Contudo, as articulações do Planalto vinham surtindo efeito até meados de agosto. Com o fogo que atingiu a Amazônia, o desgaste se ampliou. Houve ainda a penúltima visita que Eduardo fez aos Estados Unidos, no fim de agosto, quando se reuniu com o mandatário norteamericano, Donald Trump, para falar sobre a situação na região amazônica. O ato foi visto como “arrogante pelos senadores.

Seguiram-se as manifestações constantes nas redes sociais, avaliadas por muitos parlamentares e no Itamaraty como “polêmicas demais para alguém que quer exercer um cargo desses”. O barco do filho 03 de Jair Bolsonaro afundou de vez com a crise no PSL.

Em uma articulação liderada por seu pai, Eduardo se viu derrotado na tentativa de alcançar a liderança do partido na Câmara na semana passada. “Se não consegue nem a liderança da legenda, não se garante em casa, imagina o cargo de embaixador”, afirmou uma fonte do Itamaraty. Até mesmo entre aliados a derrota – que ocorreu num momento de ânimos exaltadíssimos na sigla, foi a água que faltava para acabar de vez com as pretensões do deputado federal. 

No fim das contas, na segunda (21), o pretenso embaixador acabou alçado à liderança do PSL na Câmara, mas após então ocupante do cargo, Delegado Waldir (GO), desistir do posto. Ele porém, terá que enfrentar o grupo que se tornou rival na legenda ainda, que vai tentar destituí-lo em breve. 

Entre senadores e diplomatas, que viram no último mês as chances de Eduardo Bolsonaro se esvairem de vez, há a avaliação de que esse racha no PSL foi a “desculpa perfeita” que o presidente procurava para “voltar atrás sem admitir uma derrota”. 

Como fica a Embaixada do Brasil nos EUA

Ao recuar da indicação de Eduardo, Bolsonaro retoma uma questão: quem colocar na cadeira, vaga desde abril, quando o ministro das Relações Exteriores, Ernesto Araújo, removeu do cargo o diplomata Sérgio Amaral. Quem tem exercido a função até o momento é o encarregado de negócios, Nestor Forster. 

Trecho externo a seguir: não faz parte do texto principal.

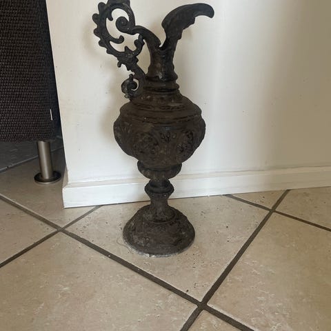 Prydkander af bronze med fod af marmor, Par prydkander af bronze prydet med putti i landskab, base af rødbroget marmor. Fra 1900 tallet. H. 25 cm.

Este último foi o nome defendido por Ernesto desde o início para o comando da Embaixada, mas foi vencido pelo desejo de Bolsonaro de colocar o filho na vaga. Agora, com Eduardo enfraquecido, o mandatário admite a possibilidade de oficializar Nestor Forster na vaga. 

“Nós temos lá o Nestor Forster. Ele é um bom nome. Obviamente, o Eduardo desistindo que eu mande o nome dele ao Senado, tendo em vista a importância na política dentro do partido, o Forster é um bom nome para ser considerado lá”, disse Bolsonaro no Japão.